» THE PROBLEM:
Repeat the records below exactly from the line containing "تقوم الساعة حتى" to the line containing "Ovoid Redware Jar", taking in both of those lines. Drop the pictures.

#### DATASET ENTRIES

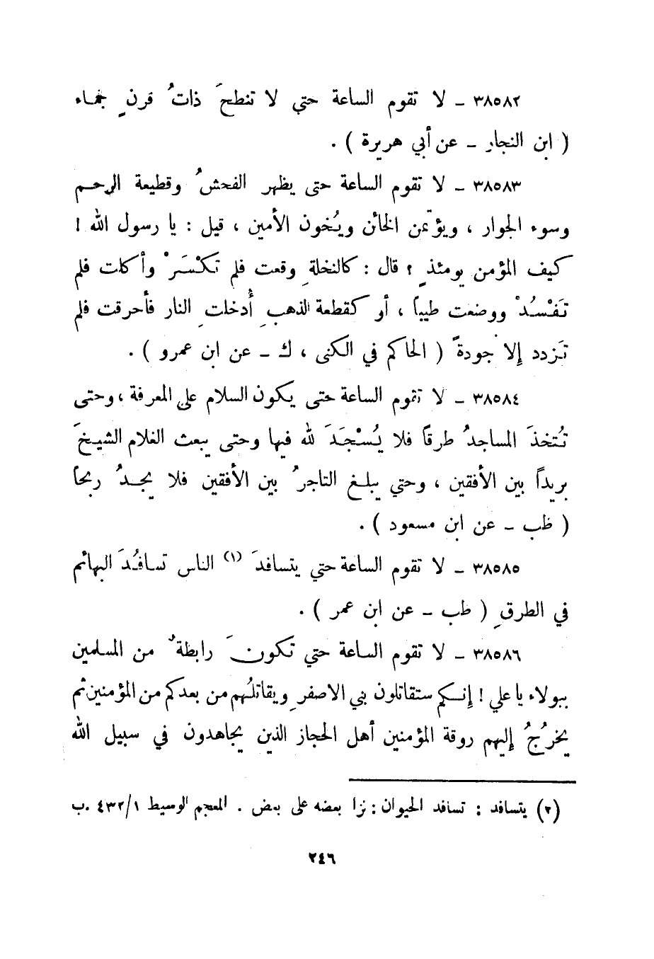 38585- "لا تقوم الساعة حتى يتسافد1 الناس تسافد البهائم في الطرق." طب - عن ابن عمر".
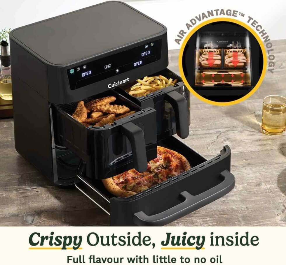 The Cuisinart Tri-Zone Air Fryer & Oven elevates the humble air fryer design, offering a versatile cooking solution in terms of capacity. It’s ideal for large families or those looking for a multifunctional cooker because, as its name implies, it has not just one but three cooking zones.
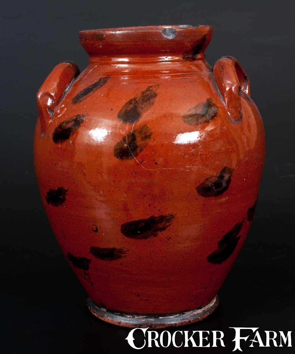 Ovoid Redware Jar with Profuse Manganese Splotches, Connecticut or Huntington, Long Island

########
#### DATASET ENTRIES

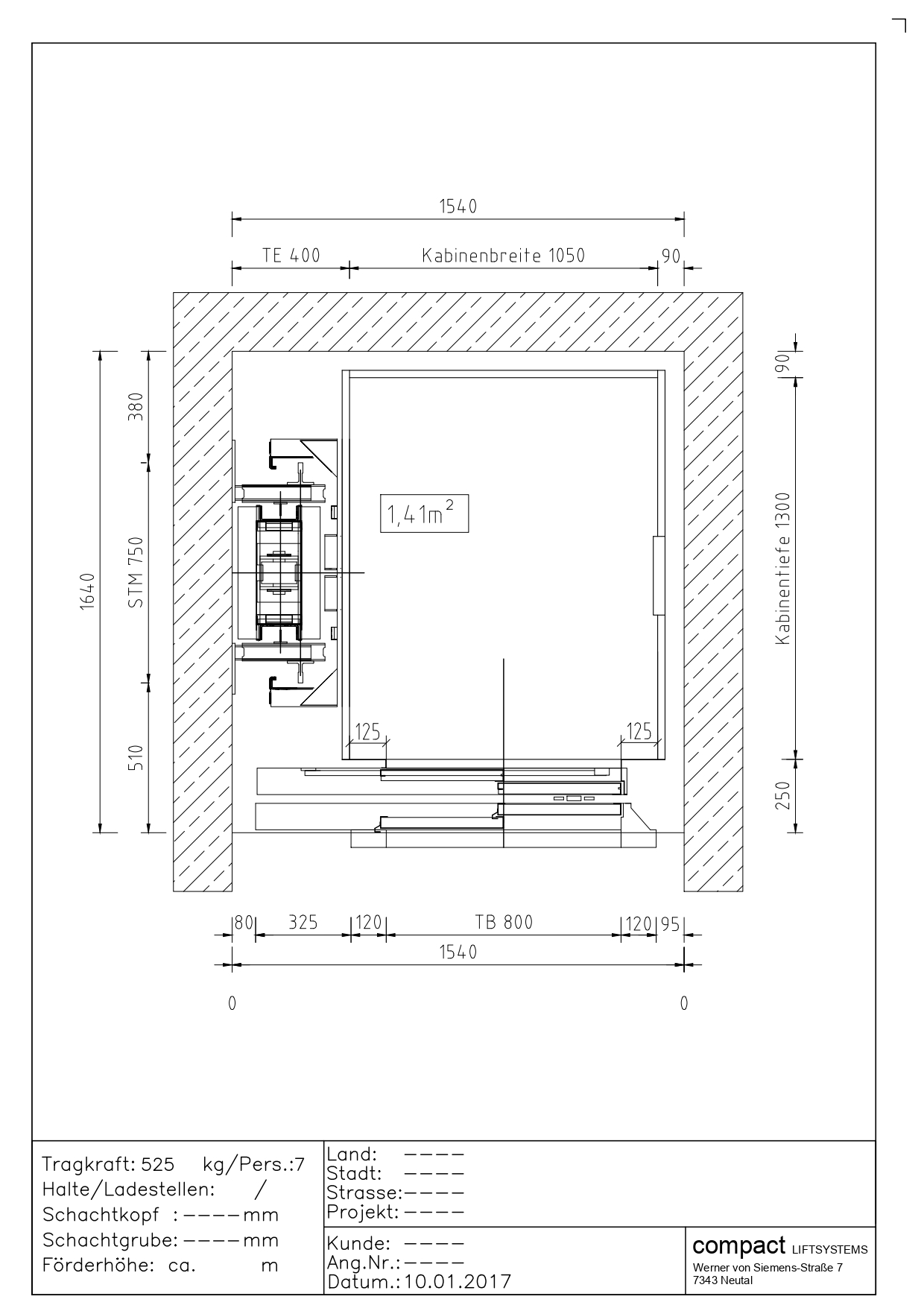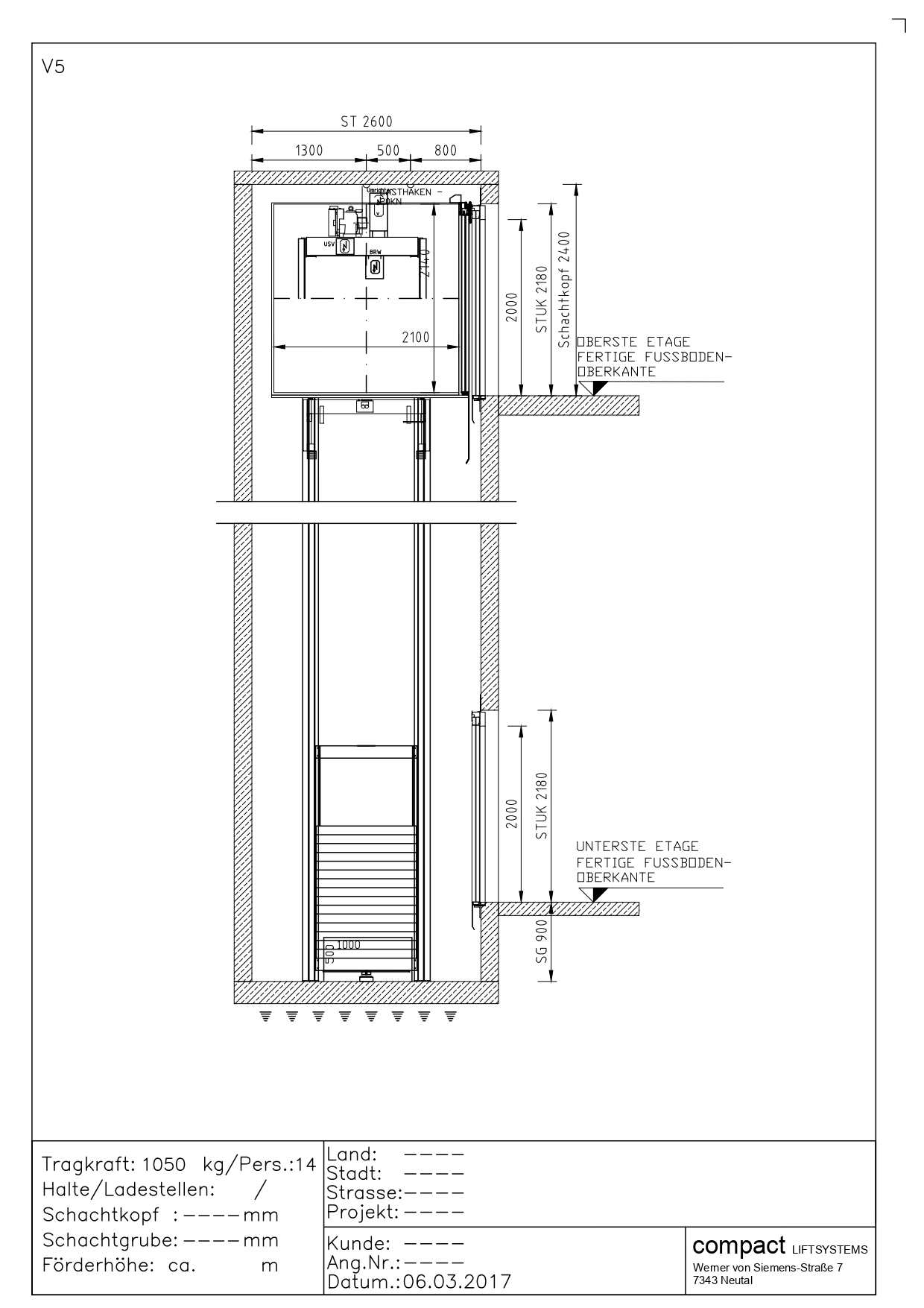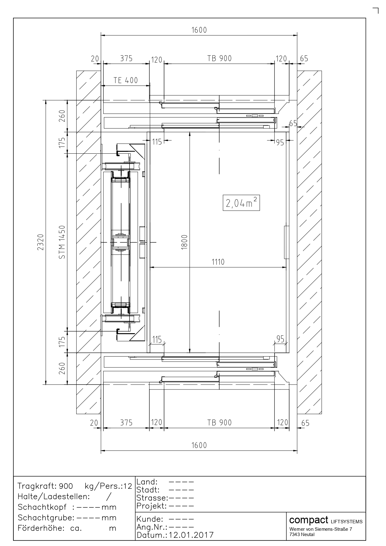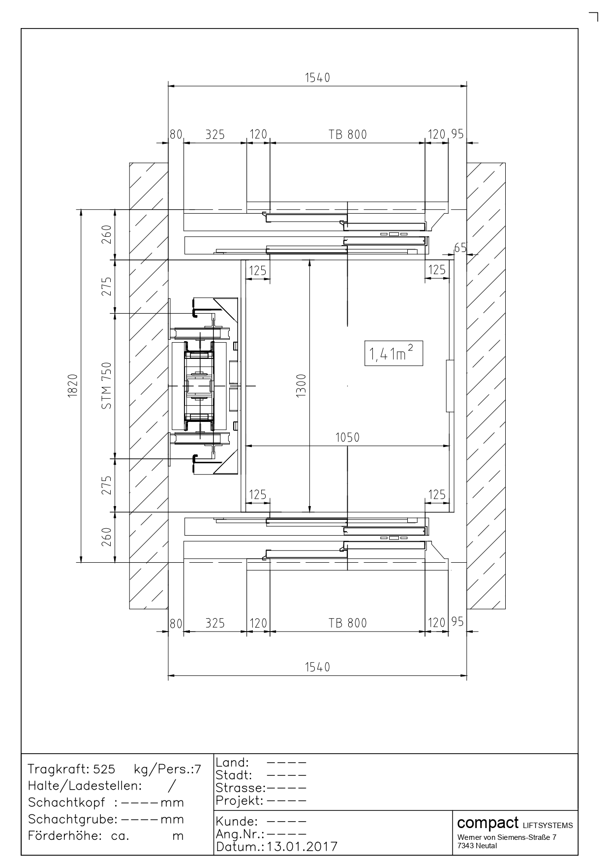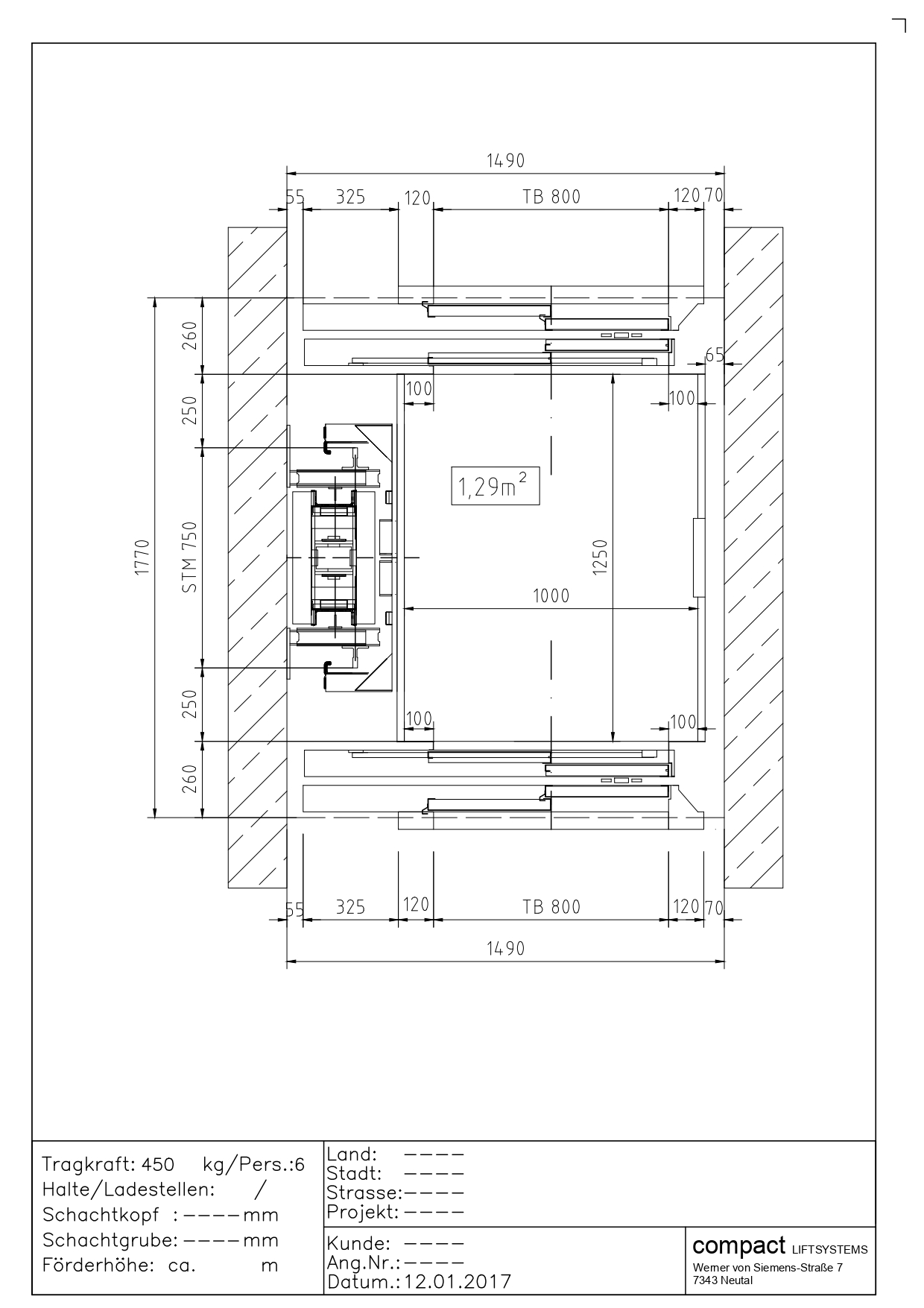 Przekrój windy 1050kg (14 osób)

########

» RESPONSE AREA:
 38585- "لا تقوم الساعة حتى يتسافد1 الناس تسافد البهائم في الطرق." طب - عن ابن عمر".
 The Cuisinart Tri-Zone Air Fryer & Oven elevates the humble air fryer design, offering a versatile cooking solution in terms of capacity. It’s ideal for large families or those looking for a multifunctional cooker because, as its name implies, it has not just one but three cooking zones.
 Ovoid Redware Jar with Profuse Manganese Splotches, Connecticut or Huntington, Long Island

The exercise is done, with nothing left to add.